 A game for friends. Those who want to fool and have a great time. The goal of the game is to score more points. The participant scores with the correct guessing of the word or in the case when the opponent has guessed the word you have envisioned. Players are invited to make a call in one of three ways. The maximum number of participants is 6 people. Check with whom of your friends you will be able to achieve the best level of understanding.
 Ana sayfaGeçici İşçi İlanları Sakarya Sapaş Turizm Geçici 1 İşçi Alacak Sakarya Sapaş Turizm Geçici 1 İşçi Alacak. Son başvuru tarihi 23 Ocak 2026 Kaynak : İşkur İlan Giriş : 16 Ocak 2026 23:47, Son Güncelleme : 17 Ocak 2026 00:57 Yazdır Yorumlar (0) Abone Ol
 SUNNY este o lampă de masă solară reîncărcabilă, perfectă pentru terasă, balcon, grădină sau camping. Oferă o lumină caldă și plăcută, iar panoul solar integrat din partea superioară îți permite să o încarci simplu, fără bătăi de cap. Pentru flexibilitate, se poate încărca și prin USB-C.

====

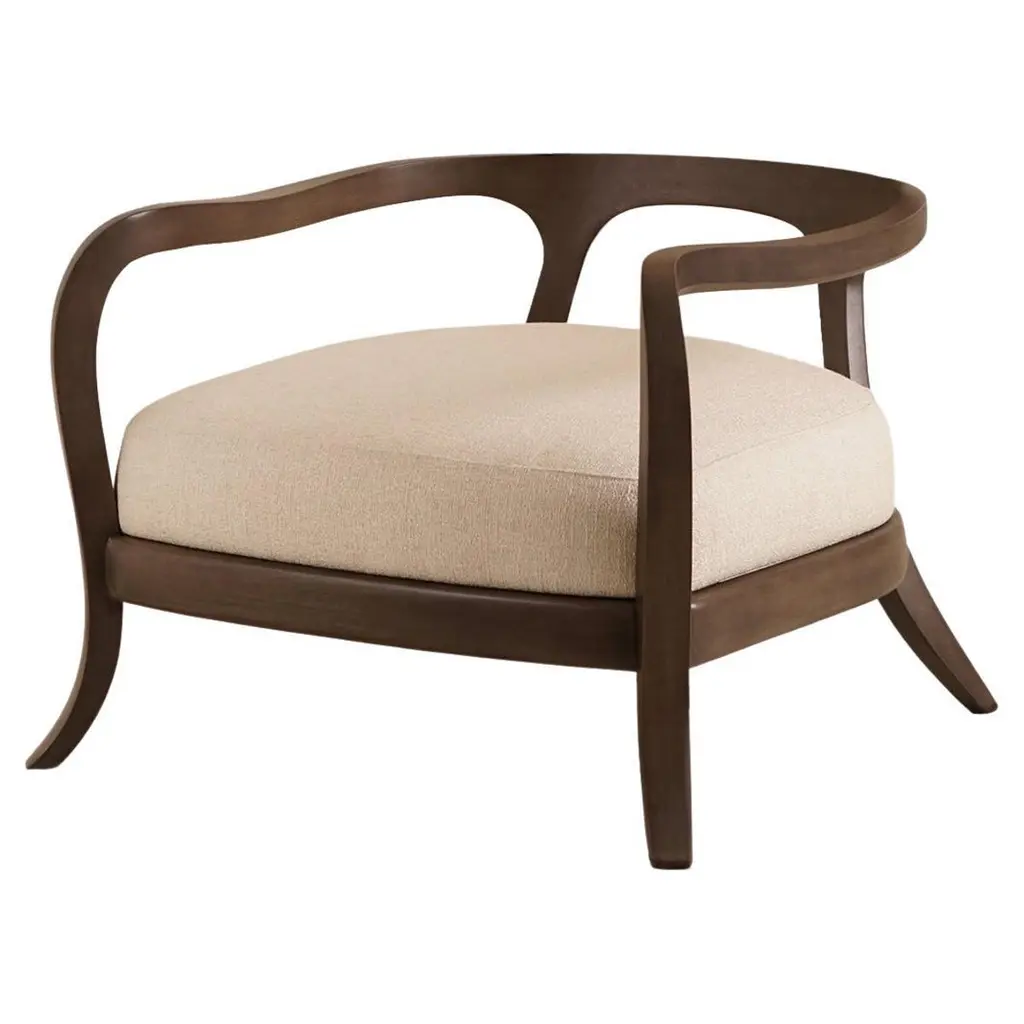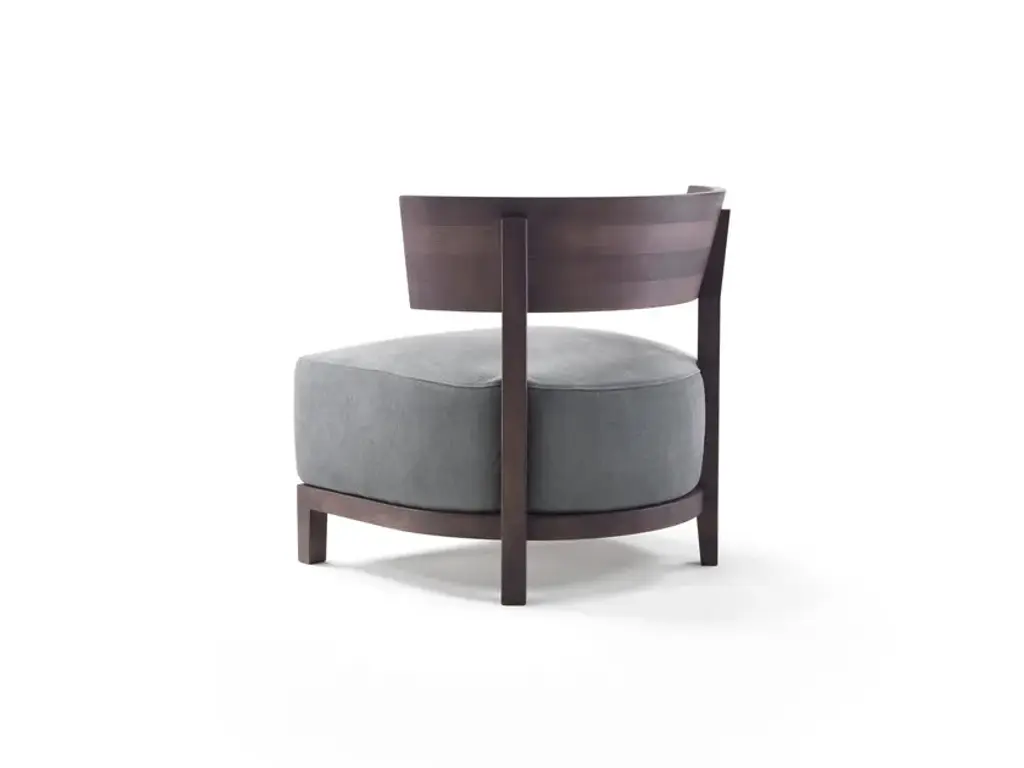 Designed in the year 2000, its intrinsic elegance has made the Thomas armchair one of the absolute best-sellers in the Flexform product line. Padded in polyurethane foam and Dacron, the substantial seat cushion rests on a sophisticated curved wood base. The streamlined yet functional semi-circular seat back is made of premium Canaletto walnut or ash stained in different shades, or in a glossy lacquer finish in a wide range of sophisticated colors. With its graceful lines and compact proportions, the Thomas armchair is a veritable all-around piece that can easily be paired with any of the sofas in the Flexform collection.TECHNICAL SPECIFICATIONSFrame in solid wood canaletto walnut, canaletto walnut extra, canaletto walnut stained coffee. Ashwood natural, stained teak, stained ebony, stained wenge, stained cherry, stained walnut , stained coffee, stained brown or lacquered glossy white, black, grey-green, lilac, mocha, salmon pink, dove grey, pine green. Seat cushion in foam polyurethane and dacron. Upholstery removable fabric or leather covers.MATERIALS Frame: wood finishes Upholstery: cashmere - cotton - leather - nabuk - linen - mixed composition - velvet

====

### What is required
From the data above, output exactly the lines between the one containing "A game for friends." and the one containing "SUNNY este o", counting both of them.

### Solution for this task
 A game for friends. Those who want to fool and have a great time. The goal of the game is to score more points. The participant scores with the correct guessing of the word or in the case when the opponent has guessed the word you have envisioned. Players are invited to make a call in one of three ways. The maximum number of participants is 6 people. Check with whom of your friends you will be able to achieve the best level of understanding.
 Ana sayfaGeçici İşçi İlanları Sakarya Sapaş Turizm Geçici 1 İşçi Alacak Sakarya Sapaş Turizm Geçici 1 İşçi Alacak. Son başvuru tarihi 23 Ocak 2026 Kaynak : İşkur İlan Giriş : 16 Ocak 2026 23:47, Son Güncelleme : 17 Ocak 2026 00:57 Yazdır Yorumlar (0) Abone Ol
 SUNNY este o lampă de masă solară reîncărcabilă, perfectă pentru terasă, balcon, grădină sau camping. Oferă o lumină caldă și plăcută, iar panoul solar integrat din partea superioară îți permite să o încarci simplu, fără bătăi de cap. Pentru flexibilitate, se poate încărca și prin USB-C.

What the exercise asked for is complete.